Seated here, none too comfortably, on a truncated stalagmite, he could at least be glad the place made a decent flat white. The pert young woman who’d brought it hadn’t looked particularly Denisovan, in spite of rumors that former staff could still be found here, some having chosen not to reverse certain risqué modifications required in their previous employment. He seemed the only customer at the moment, something he put down to Lowbeer being expected momentarily.

Now Ash entered, her outfit approximating a Victorian lady’s riding habit, but reimagined as having been cut from nylon aviator jackets and equipped with a demi-bustle that resembled part of a miniature dirigible.

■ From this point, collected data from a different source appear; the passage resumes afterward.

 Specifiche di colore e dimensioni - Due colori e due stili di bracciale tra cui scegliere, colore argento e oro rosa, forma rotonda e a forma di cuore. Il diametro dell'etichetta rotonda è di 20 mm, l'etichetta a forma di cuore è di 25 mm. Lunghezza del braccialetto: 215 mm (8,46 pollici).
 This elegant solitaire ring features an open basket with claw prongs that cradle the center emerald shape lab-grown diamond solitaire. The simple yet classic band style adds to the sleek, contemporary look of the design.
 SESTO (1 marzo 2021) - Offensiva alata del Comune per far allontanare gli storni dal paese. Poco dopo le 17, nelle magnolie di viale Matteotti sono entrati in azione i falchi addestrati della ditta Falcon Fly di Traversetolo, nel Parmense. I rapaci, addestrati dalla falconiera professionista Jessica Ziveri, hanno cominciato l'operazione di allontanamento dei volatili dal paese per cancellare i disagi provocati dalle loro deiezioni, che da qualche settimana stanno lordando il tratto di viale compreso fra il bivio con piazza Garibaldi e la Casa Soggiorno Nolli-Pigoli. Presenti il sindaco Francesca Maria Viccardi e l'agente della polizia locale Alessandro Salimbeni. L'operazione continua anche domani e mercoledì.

She carried a top hat, his least favorite sort of headgear, held just to the side of her multiply zippered black sateen bosom, in what he supposed had once been exactly the correct manner.

“Congratulations,” she said, placing the hat on the faux-sandstone table slab.

“For?”

“She’s chuffed. Pleased as I’ve seen her.”

“She’s here?”

“Outside.” Seating herself on the nearest stalagmite stump, the demi-bustle discreetly adjusting itself. “I was just on the phone with your man in the county. You seem, by consulting him, to have triggered a game change.”